To comply with the above provision, transition period of 3 years was provided from the date of the commencement of the Act, 2013, i.e., companies shall appoint another auditor till April 01, 2017 which at the first blush would mean that at the upcoming AGM for the FY ended 2016, new auditor needs to be appointed.
However, the auditors are appointed at the AGM of the company and hold office till the conclusion of the next AGM. Therefore, to comply with the 3 years provision, the new auditor must have been appointed in the AGM for FY ended 2017. Hence, there was chaos among the corporates and auditors regarding the contradictory provisions in relation to effective date for appointment of new auditor. In order to clarify this position which was subject to interpretation, the Ministry of Corporate Affairs (MCA) has issued a Companies (Removal of Difficulties) Third Order, 2016, dated June 30, 2016 (hereinafter referred to as "Order").
Amendment via removal of difficulty order
2.0 MCA has amended transition provisions w.r.t. applicability of provisions of Section 139(2) of the Act, 2013 and provided as under:
Provided also that every company, existing on or before commencement of this Act which is required to comply with the provisions of this sub-section, shall comply with requirements of this sub-section within a period which shall not be later than the date of the first annual general meeting of the company held, within the period specified under sub-section (1) of section 96 after three years of commencement of this Act.

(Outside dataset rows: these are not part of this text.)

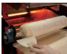
④ヘラを使って形を整えます。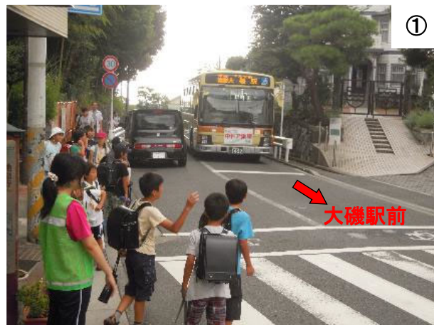
大磯駅前から国道1号方面を望む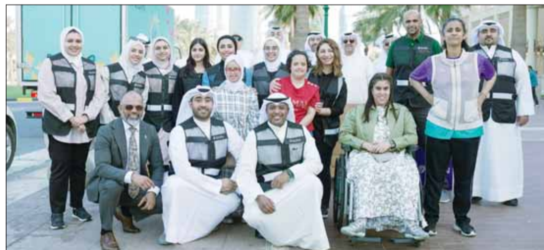
الخشتية والأصابع مع فريق "زين الشهور" التطوع وأبناء مركز الخرافي

القطاعات والإدارات، في خطوة تؤكد اهتمام أفراد عائلة زين بتحقيق المشاركة المجتمعية الفاعلة. ودايمًا ما تأتي حملة "زين الشهور" بشكل متجدد وتتوسع في برامجها ومبادراتها مع مرور كل عام، وتقوم الشركة من خلالها بمد جسور التعاون مع مختلف الجهات في الدولة لتجسد روح العطاء التي يتميز بها الشهر الفضيل عن غيره من الشهور.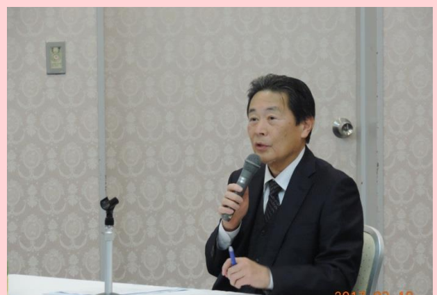
座長 島根県環境保健公社医療技監 (総合健診センター所長) 足立先生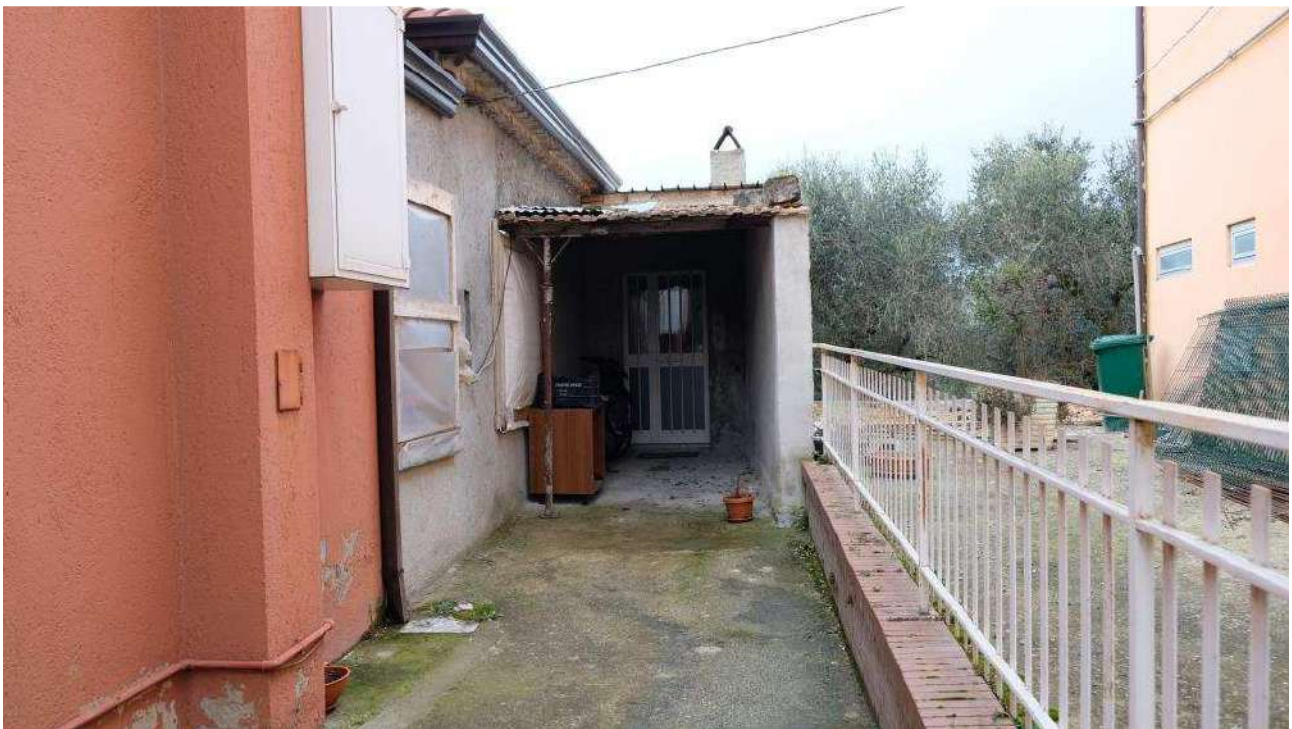
Foto 12 – Vista dell'accesso esterno al vano soggiorno dell'ex deposito dalla corte di ingresso all'abitazione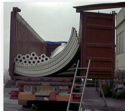
TRASPORTO VIA MARE N.1 Silo 10CS4 senza accessori in due container 40' OT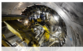
La Francia rischia di perdere i fondi UE per la Torino-Lione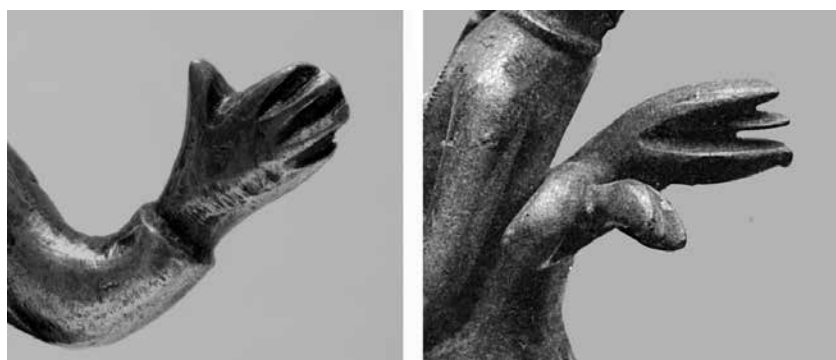
sl. 9. Usporedba detalja na figuricama gardunskog oranta i sinjske grupe .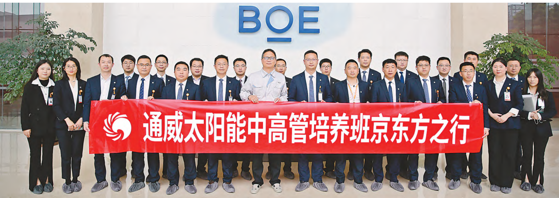
通威太阳能中高管培养班走进京东方参观交流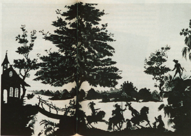
El elegante arte del recorte de siluetas no se arredra ante la eminente temática de Guillermo Tell. Esta medio dramática, medio idílica representación de la muerte de Gessler data del siglo XIX.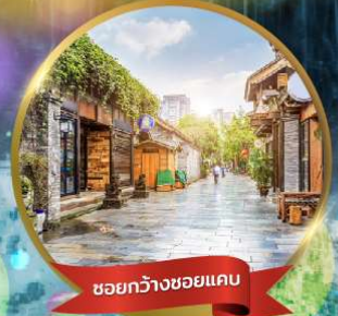
ชอยกว้างชอยแคบ

With this amendment, it is clarified that the existing auditor who has served for the tenure of 5 or 10 years may continue in the office till the conclusion of the AGM held for the FY ended March 31, 2017 and the Company shall appoint new auditor in the same AGM. Since the clarification clearly provides that AGM (pursuant to section 96 will be the upper time-limit) held within 3 years of commencement of the Act, April 01, 2014, which means that AGM 2017 is the time period within which the companies must appoint the new auditor. Accordingly, the said auditor shall be appointed for a term of five years, subject to ratification in every AGM, in accordance with the provision of section 139(1) of the Act.
To clarify the above amendment, let us assume following scenarios:
Mr. X was appointed as an auditor of ABC Limited in the AGM held on September 30, 2009. Whether Mr. X is eligible for appointment as auditor for the FY 2016-17 in accordance with the proposed amendment?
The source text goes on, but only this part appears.